Begründung RegE zu § 117 Abs. 6 SGB IX n.F., S. 137: Mit der Regelung wird funktionell sichergestellt, dass bis zur schrittweisen Zusammenführung der Zuständigkeiten [...] im Jahr 2028 bzw. der Einführung der [...] „Verfahrenslotsen“ beim Jugendamt im Jahr2024 die spezifischen Bedarfe von Kindern und Jugendlichen, die sich in vielfältiger Hinsicht grundsätzlich von den Bedarfen Erwachsener unterscheiden, im Hinblick auf die Leistungsgewährung der Eingliederungshilfe [...] zum Tragen kommen. Dabei geht es insbesondere um die Berücksichtigung der Spezifika der Lebensphase „Kindheit und Jugend“, in der die Förderung der Persönlichkeitsentwicklung und die Erziehung für die Teilhabe am Leben in der Gesellschaft von zentraler Bedeutung sind und insbesondere auch das Beziehungsgefüge der Familie insgesamt, vor allem zwischen dem Kind [...] und seinen Eltern, als System besondere Beachtung finden muss. Die Beteiligung des Jugendamts im Gesamtplanverfahren kann auch der Abstimmung und gemeinsamen Klärung bei einer im Einzelfall schwierigen Abgrenzung zwischen erzieherischen und behinderungsbedingten Bedarfen dienen. Die beratende Mitwirkung [...] bezieht sich nicht auf das Jugendamt in seiner Funktion als Rehabilitationsträger. Es hat vielmehr seine Expertise in Wahrnehmung seines [§ 1 SGB VIII-] Auftrags [...] in die Gesamtplanung einzubringen, um zur Bedarfsgerechtigkeit der nach dem SGB IX dem betreffenden Kind [...] zu gewährenden Leistungen der Eingliederungshilfe beizutragen.

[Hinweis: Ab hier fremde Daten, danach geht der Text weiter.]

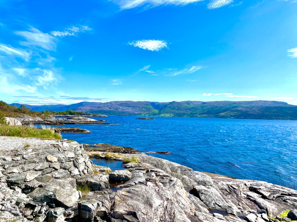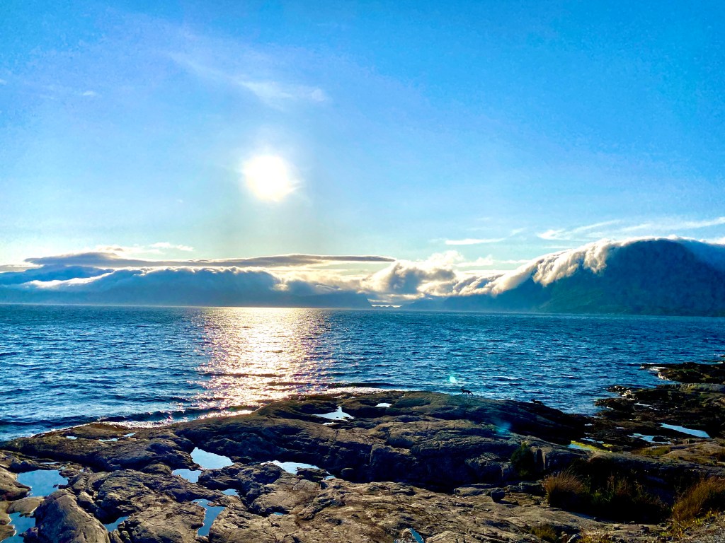 Eigentlich müssten wir hier immer die Kreuzfahrtschiffe sehen, aber ich glaube wir schlafen wenn die hier vorbei brausen. Wir stehen nämlich am vorderen Stück des Sognefjord… der längste und tiefste Fjord der Welt.
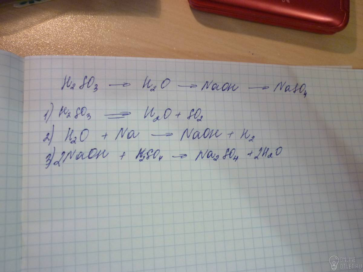 сернистая кислота ---> вода ---> гидроксид натрия ---> сульфит натрия решить
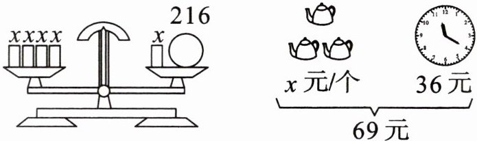 根据天平平衡原理,左边$4$个$x$的重量等于右边$x + 216$的重量,可列方程$4x=x + 216$。
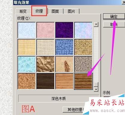 5、彈出“填充效果”設置框;點開“紋理”,點選“深色木質(zhì)”紋理,然后點確定,如圖A所示;轉(zhuǎn)回到“設置自選圖形格式”操作框,再點確定;立方體顏色填充效果如圖B所示;
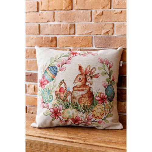 Подушка, Прованс, декоративна, гобеленова, Зайчата, віночку, Злагода, 45х45, см, 034260

Zusammenfassend ergibt sich also die Aufgabe einer regelhaften Teilnahme des Jugendamts am Gesamtplanverfahren unter folgenden Bedingungen (vgl. hierzu den Vortrag von Schönecker, Lydia (2021), Folie 5 zur 9. Plattform für öffentlichen Erfahrungsaustausch des Dialogforums, unter: https://jugendhilfe-inklusiv.de/sites/default/files/difu_gesamtplanung_1...):
(§10a Abs. 3 SGB VIII-E, §117 Abs. 6, §119 Abs. 1 SGB IX-E)
- mit Zustimmung der Personensorgeberechtigten informiert der Träger der Eingliederungshilfe das Jugendamt
- beratende Teilnahme des Jugendamts, soweit dies zur Feststellung der Eingliederungshilfeleistungen erforderlich ist
- Vorschlagsrecht des JAmts für Gesamtplankonferenz (§119 Abs. 1)

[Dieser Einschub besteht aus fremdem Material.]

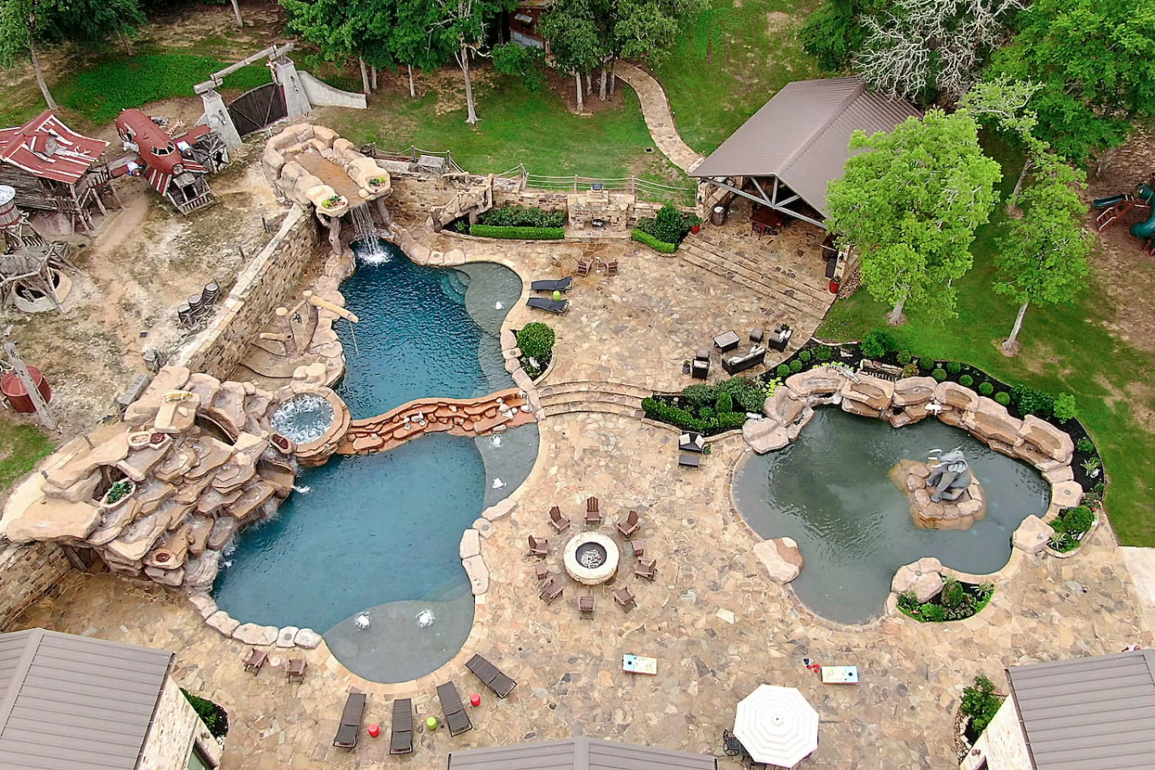 Where adventure meets luxury, we are located 30 mi. from College Station. This unique property sleeps 20 guests with 8 bedrooms, 6 full bathrooms, 3 half bathrooms, a private movie theatre, and multiple living rooms. Outside, there are 3 resort-styled pools, a covered pavilion, 2 playscapes, and 2 o...
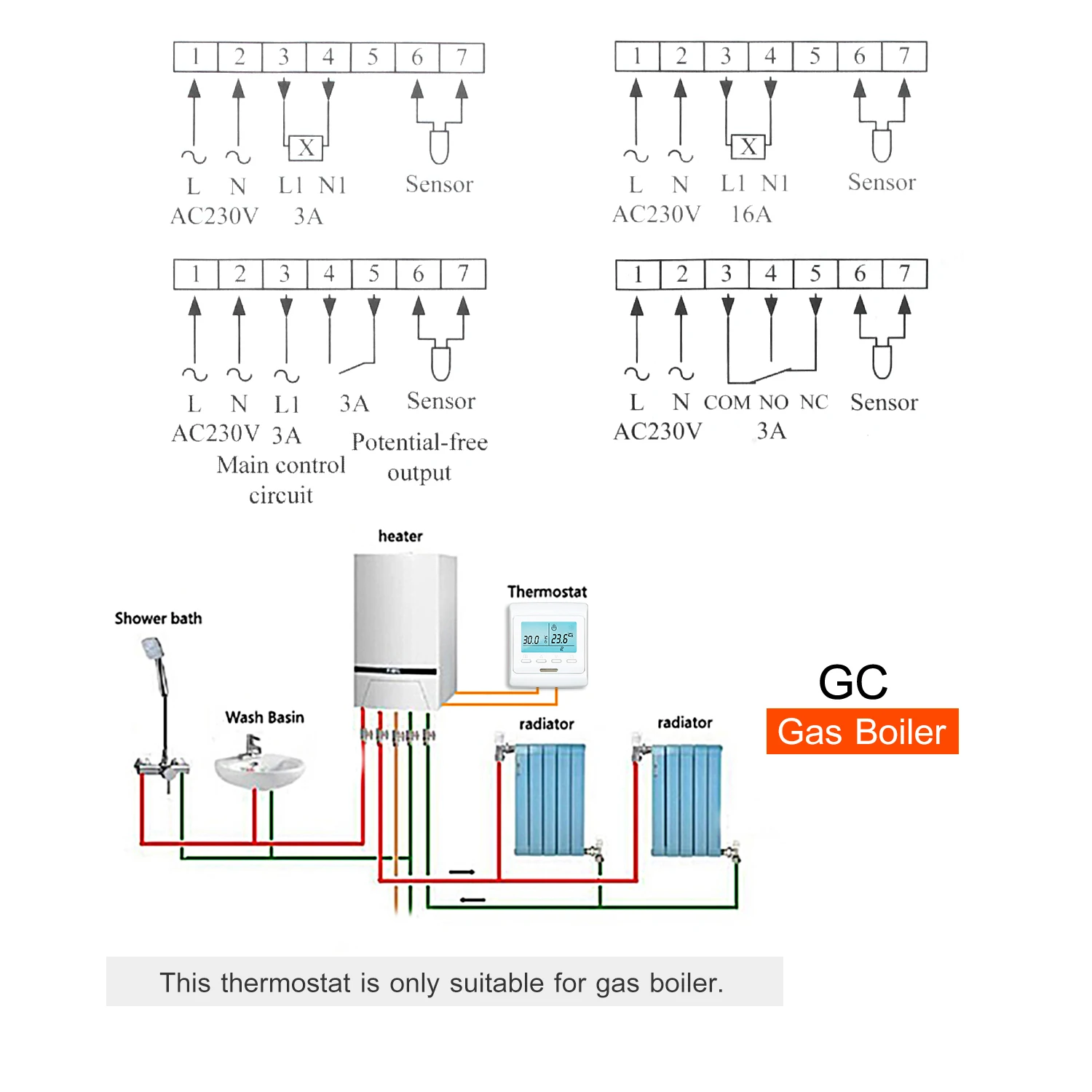 Применение: термостат с электрическим подогревом (ГБ)/термостат с водяным подогревом (GA)/термостат с газовым котлом (GC) (опционально)

- Ausnahme: Teilnahme verzögert das Verfahren
Hieraus ergeben sich mindestens folgende Fragen für die Arbeit der Jugendämter, die jetzt nach Klärung drängen (vgl. dazu Schönecker 2021, Folie 7-8):
Zeitpunkt: An welcher konkreten Stelle im Verfahren? (Gesamtplankonferenz = „Beratung auf der Grundlage der Ergebnisse der Bedarfsermittlung“) – wie lässt sich die Aufgabe zeitlich realistisch in das beschleunigte Verfahren einpassen?
Aufgaben und Rolle: Wie kommt das Jugendamt mit Kind und Familie in Kontakt, v.a. wenn keine Gesamtplankonferenz stattfindet (= eigener Beratungsprozess?). Wie gelingt Vertrauensherstellung? Wer führt die Aufgabe aus? (ASD oder §35a-Spezialdienst?)

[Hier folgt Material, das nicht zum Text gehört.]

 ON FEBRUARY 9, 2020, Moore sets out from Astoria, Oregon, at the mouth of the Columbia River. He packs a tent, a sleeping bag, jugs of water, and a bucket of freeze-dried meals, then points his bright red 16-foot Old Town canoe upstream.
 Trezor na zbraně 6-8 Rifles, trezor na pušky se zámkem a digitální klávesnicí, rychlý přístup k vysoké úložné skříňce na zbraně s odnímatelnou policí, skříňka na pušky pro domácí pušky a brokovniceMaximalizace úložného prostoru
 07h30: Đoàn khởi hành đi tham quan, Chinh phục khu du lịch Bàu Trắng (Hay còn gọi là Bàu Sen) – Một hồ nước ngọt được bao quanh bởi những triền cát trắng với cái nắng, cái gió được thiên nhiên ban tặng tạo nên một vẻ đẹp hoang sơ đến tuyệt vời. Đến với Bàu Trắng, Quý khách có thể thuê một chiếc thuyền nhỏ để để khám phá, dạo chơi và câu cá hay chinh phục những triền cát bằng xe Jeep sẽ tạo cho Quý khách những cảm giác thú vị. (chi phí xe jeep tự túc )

Kompetenzen: Welche Expertise und Kompetenzen werden im Umgang mit behinderungs-bedingten Einschränkungen und Bedarfen gebraucht? (z.B. Kommunikation in leichter Sprache)? Braucht es neue sozialpädagogische Perspektiven im Kontext von Familien mit Kindern mit (schweren) körperlichen und/oder geistigen Behinderungen?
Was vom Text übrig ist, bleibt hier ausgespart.